Паулю Дойссену (1845–1919) предстояло сказать особо веское слово в философской компаративистике XIX столетия уже потому, что в его лице мы имеем дело с чрезвычайно редким сочетанием профессионального санскритолога, создавшего ряд до сих пор непревзойденных переводов первостепенно важных индийских мировоззренческих памятников, и историка философа, великолепно владевшего всем материалом европейской мысли «аб ово» и до новейших ее течений. Более всех других Дойссен был обязан Шопенгауэру, ставшему именно в период его творчества особенно популярным в Германии. И именно шопенгауэровская установка на выявление метаисторических философских архетипов стала определяющей для всех его компаративистских размышлений. Другим источником его вдохновения была философия Ф. Ницше, который в определенной мере способствовал и его деятельности как индолога, по крайней мере, на стадии перевода «Брахма-сутр» с комментарием Шанкары[94].

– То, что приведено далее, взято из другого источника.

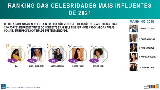 A cantora IZA foi considerada a celebridade brasileira mais influente do ano de 2021, de acordo com a terceira edição da pesquisa Most Influential Celebrities, realizada pela Ipsos. Em segundo lugar no ranking, ficou a top model Gisele Bündchen, seguida pela cantora Ivete Sangalo, pela vencedora da 21ª edição do Big Brother Brasil, Juliette Freire, e pela atriz global Jéssica Ellen, na quinta posição.

Веданту Дойссен рассматривает уже изначально в сравнительном контексте — в связи с задачами философии как таковой, как она реализуется в основных философских традициях. В монографии «Система веданты» (1883) он пишет: «Мысль, что эмпирическое созерцание природы не в состоянии привести нас к последнему обоснованию сущности вещей, выступает на передний план не только у индийцев, но и в западной философии, притом в многообразии форм. Собственно говоря эта мысль составляет действительный корень всей метафизики, поскольку без нее никакая метафизика не может ни существовать, ни возникнуть…»[95] Этот «прорыв» метафизической мысли осуществился трижды у различных народов: в первый раз у индийцев (подразумеваются Упанишады), во второй — у Парменида, в третий раз — у Канта и последовавшей за ним новой философии.

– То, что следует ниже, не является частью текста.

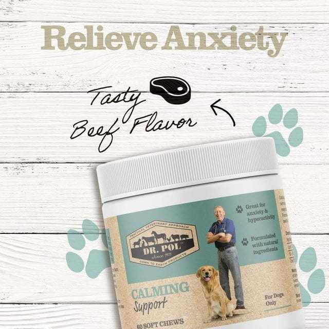 About Dr. Pol Calming Chews for Dogs Puppy anxiety is a normal part of life, but if your furry friend is shaking in their boots, they may need some relaxation assistance. Luckily, Dr. Pol Calming Chews for Dogs are formulated to help with just that. From travel nervousness to separation anxiety, there are countless things that can trigger your pet's unease. A simple, tasty anti-anxiety and melatonin dog treat can assist in relaxation and sleep, keeping your pet blissful and calm. These dog calming treats utilize not only the sleep chemical melatonin but also four other active ingredients to help calm their mind and body. Botanicals including passion flower and chamomile are known for their relaxing properties, and they work alongside amino acid L-Tryptophan to help quiet anxiety and hyperactivity. For a dog melatonin is a fantastic sleep aid as it works with the body naturally. As well, these dog chews can function as puppy calming treats, as they are safe for pups 12 weeks and older. When you're looking for dog stress and anxiety relief to help stop dog barking, quiet anxiety, or ease travel nerves, reach for a well-rounded supplement with botanicals, amino acids, and melatonin for a balanced approach that is sure to help. Give your pup the gift of calm with Dr. Pol Calming Chews for Dogs!

Вместе с тем указанная архетипная идея, соответствующая в конечном смысле метафизике как таковой, не равнозначна идеализму как солипсизму — отрицанию реальности внешнего мира. И здесь также очевидна параллель: подобно тому, как Кант при всем своем трансцендентальном идеализме придерживается эмпирической реальности внешнего мира и даже отстаивает ее против субъективного идеализма Беркли, ведантисты при всем признании Незнания как основания мира существования в виде «имен и форм» отстаивают реальность внешнего мира перед лицом буддийского идеализма, отрицающего ее (подразумеваются в первую очередь йогачары-виджнянавадины)[96].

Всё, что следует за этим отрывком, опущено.